_What is expected_
Leaving the images out, output each entry below exactly.

Stored dataset items:

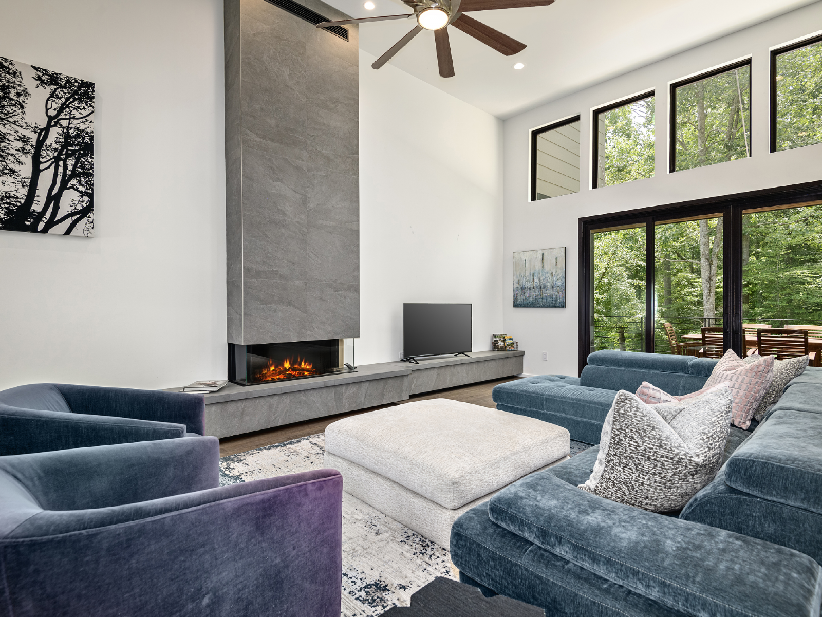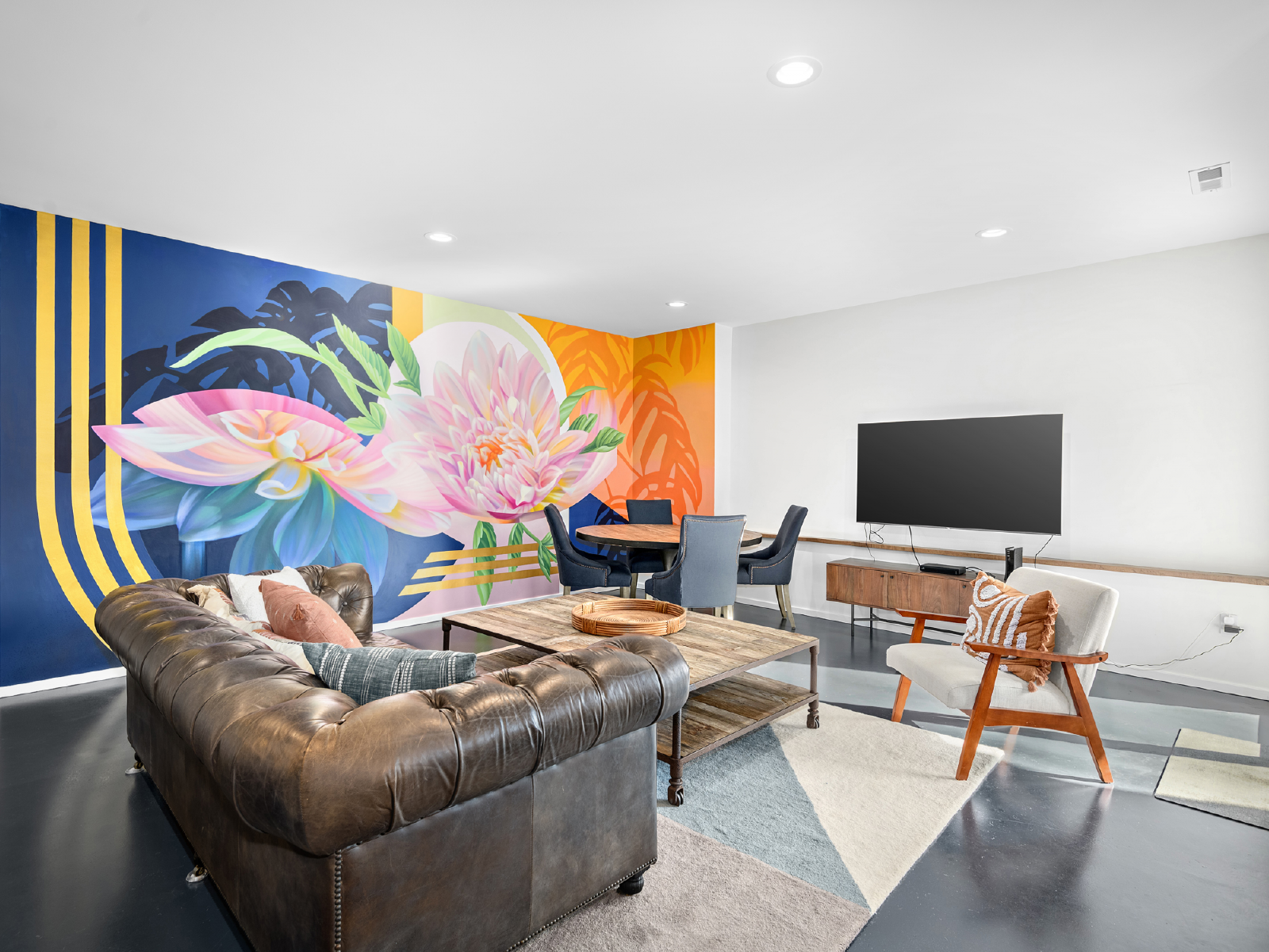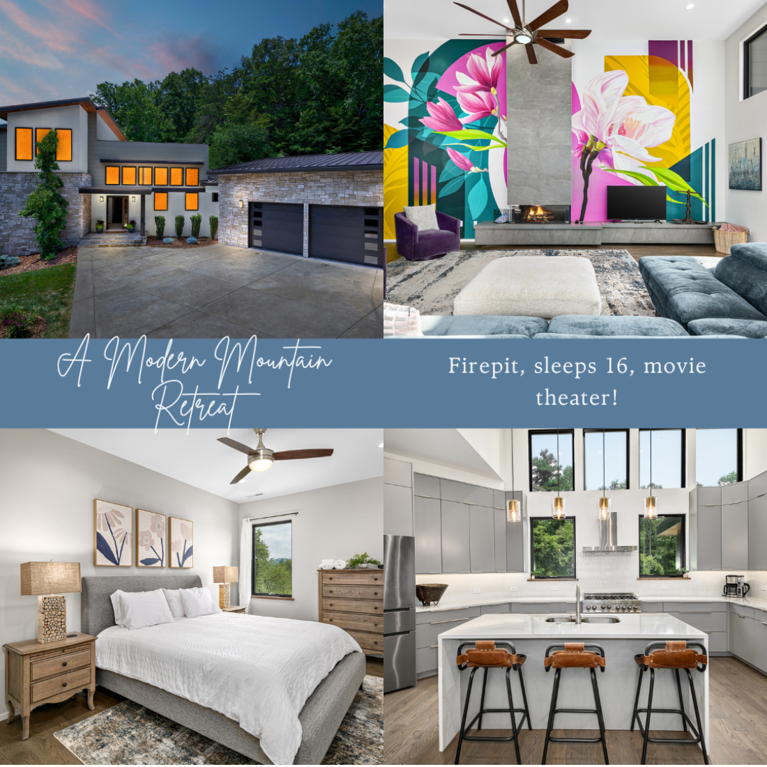 Tucked away down a country road, this 5-bedroom, 5-bathroom home is a modern, art-filled oasis, just a short drive from Asheville and the Biltmore Estate. Our architecturally designed house has everything you'll need for a relaxing stay in the mountains, with some extras you didn't expect (like an indoor movie theater and incredible murals!). With space to spread out, you can enjoy coffee on the back deck overlooking the French Broad River Valley or relax by the fire pit in the evening.
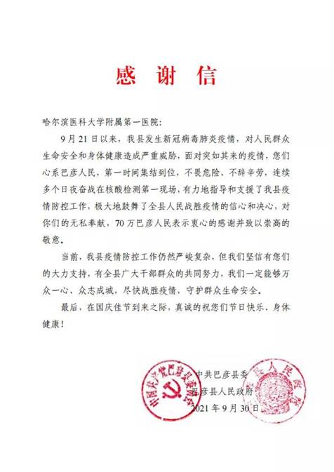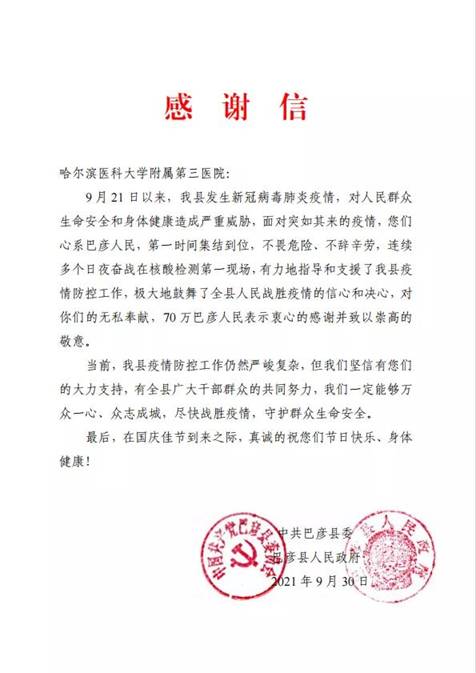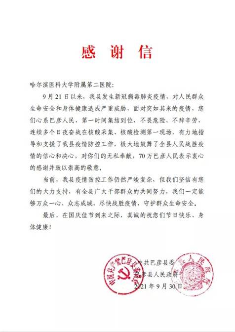 黑龍江經(jīng)濟(jì)網(wǎng)訊(黑龍江日?qǐng)?bào)全媒體見習(xí)記者董廣碩 商祺)近日,哈爾濱醫(yī)科大學(xué)附屬一院、二院、腫瘤醫(yī)院、四院分別收到巴彥縣委縣政府的感謝信,感謝他們“有力地指導(dǎo)和支援了我縣疫情防控工作,極大地鼓舞了全縣人民戰(zhàn)勝疫情的信心和決心?!?/span>
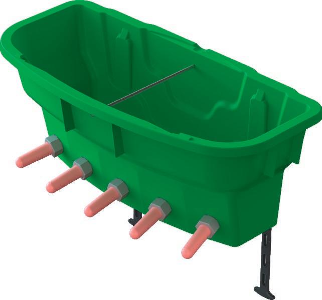 • per consentire di poppare a 5 vitelli contemporaneamente • facilita l‘osservazione degli animali durante l‘assunzione di latte • con angoli arrotondati, quindi facile da pulire • da appendere alle pareti della stalla, a rastrelliere, recinzioni, ecc. • semplice fissaggio dell‘abbeveratoio mediante fase in gomma elastica • accatastabile • facile da trasportare • perfetto per la capanna per vitelli grande (14440, 14520, 14540) e stalla con recinzione modulare (14486, 14487, 14488, 14489) • per alimenti • resistente ai prodotti chimici, resistente agli acidi
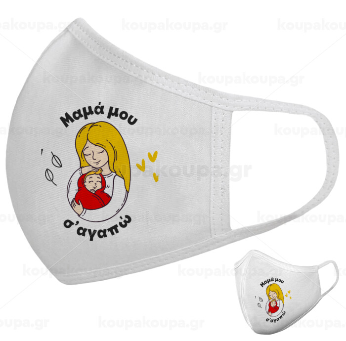 Μανούλα σ'αγαπώ αγκαλιά!, Μάσκα υφασμάτινη υψηλής άνεσης παιδική (Δώρο πλαστική θήκη)
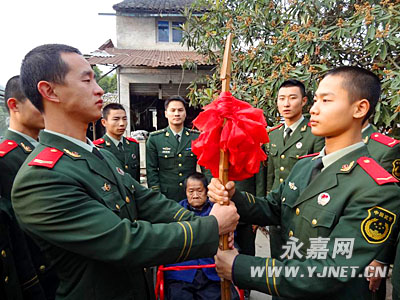 为了铭记“扁担精神”的优良传统,发扬退伍不褪色的精神,20日下午,武警永嘉中队全体官兵到孤寡、残疾老人陈光荣家里进行“扁担交接仪式”。 现年75岁的陈光荣老人自幼残疾,且两岁丧父,一直跟母亲相依为命。1963年,他年迈的母亲在挑水时被一位武警战士发现,了解到他们家的困难后就坚持逢年过节过来慰问,双休日也过来帮忙。老兵们走了,就把照顾陈光荣老人的任务传给新兵。(记者 谷亨飞)
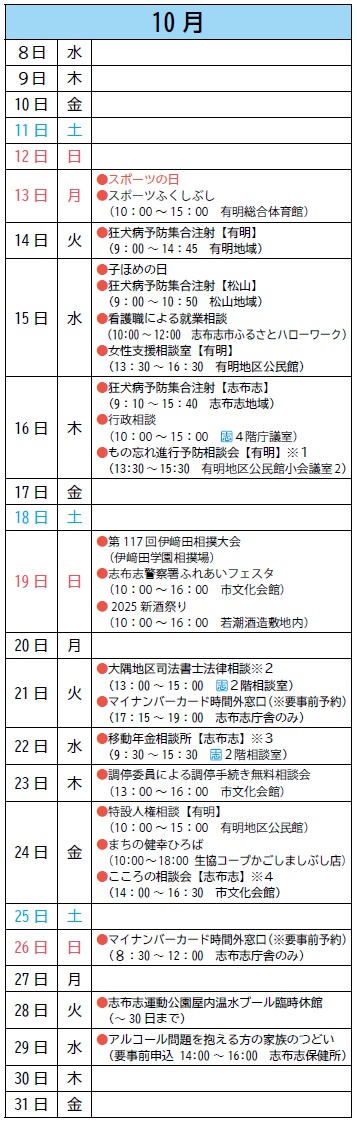 ※2 事前予約制です。志布志庁舎 総務課 行政グループ【電話】472-1111までご連絡ください。
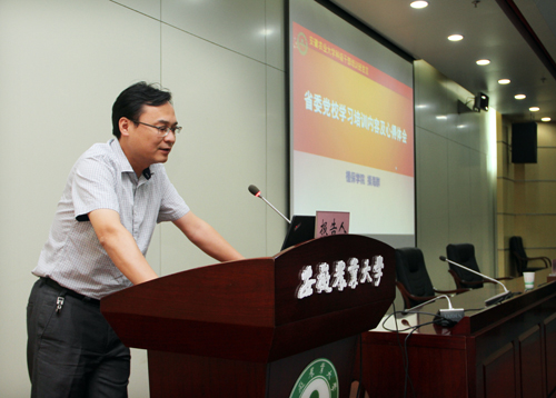 周旭同志交流了他参加国家教育行政学院高校中青年干部培训班的学习内容和思考,并要求广大科级干部要加强学习、强化历练、注重方法、积极乐观、自警自省、做好表率,为加快推进特色鲜明的高水平农业大学建设贡献智慧和力量。纪委副书记、纪委办主任、监察室主任、审计处处长韩平对《中国共产党廉洁自律准则》、《中国共产党纪律处分条例》、《中国共产党问责条例》进行了解读,结合具体案例分析,对科级干部加强廉洁自律提出了具体要求。

_Output below_
 Tucked away down a country road, this 5-bedroom, 5-bathroom home is a modern, art-filled oasis, just a short drive from Asheville and the Biltmore Estate. Our architecturally designed house has everything you'll need for a relaxing stay in the mountains, with some extras you didn't expect (like an indoor movie theater and incredible murals!). With space to spread out, you can enjoy coffee on the back deck overlooking the French Broad River Valley or relax by the fire pit in the evening.
 黑龍江經(jīng)濟(jì)網(wǎng)訊(黑龍江日?qǐng)?bào)全媒體見習(xí)記者董廣碩 商祺)近日,哈爾濱醫(yī)科大學(xué)附屬一院、二院、腫瘤醫(yī)院、四院分別收到巴彥縣委縣政府的感謝信,感謝他們“有力地指導(dǎo)和支援了我縣疫情防控工作,極大地鼓舞了全縣人民戰(zhàn)勝疫情的信心和決心?!?/span>
 • per consentire di poppare a 5 vitelli contemporaneamente • facilita l‘osservazione degli animali durante l‘assunzione di latte • con angoli arrotondati, quindi facile da pulire • da appendere alle pareti della stalla, a rastrelliere, recinzioni, ecc. • semplice fissaggio dell‘abbeveratoio mediante fase in gomma elastica • accatastabile • facile da trasportare • perfetto per la capanna per vitelli grande (14440, 14520, 14540) e stalla con recinzione modulare (14486, 14487, 14488, 14489) • per alimenti • resistente ai prodotti chimici, resistente agli acidi
 Μανούλα σ'αγαπώ αγκαλιά!, Μάσκα υφασμάτινη υψηλής άνεσης παιδική (Δώρο πλαστική θήκη)
 为了铭记“扁担精神”的优良传统,发扬退伍不褪色的精神,20日下午,武警永嘉中队全体官兵到孤寡、残疾老人陈光荣家里进行“扁担交接仪式”。 现年75岁的陈光荣老人自幼残疾,且两岁丧父,一直跟母亲相依为命。1963年,他年迈的母亲在挑水时被一位武警战士发现,了解到他们家的困难后就坚持逢年过节过来慰问,双休日也过来帮忙。老兵们走了,就把照顾陈光荣老人的任务传给新兵。(记者 谷亨飞)
 ※2 事前予約制です。志布志庁舎 総務課 行政グループ【電話】472-1111までご連絡ください。
 周旭同志交流了他参加国家教育行政学院高校中青年干部培训班的学习内容和思考,并要求广大科级干部要加强学习、强化历练、注重方法、积极乐观、自警自省、做好表率,为加快推进特色鲜明的高水平农业大学建设贡献智慧和力量。纪委副书记、纪委办主任、监察室主任、审计处处长韩平对《中国共产党廉洁自律准则》、《中国共产党纪律处分条例》、《中国共产党问责条例》进行了解读,结合具体案例分析,对科级干部加强廉洁自律提出了具体要求。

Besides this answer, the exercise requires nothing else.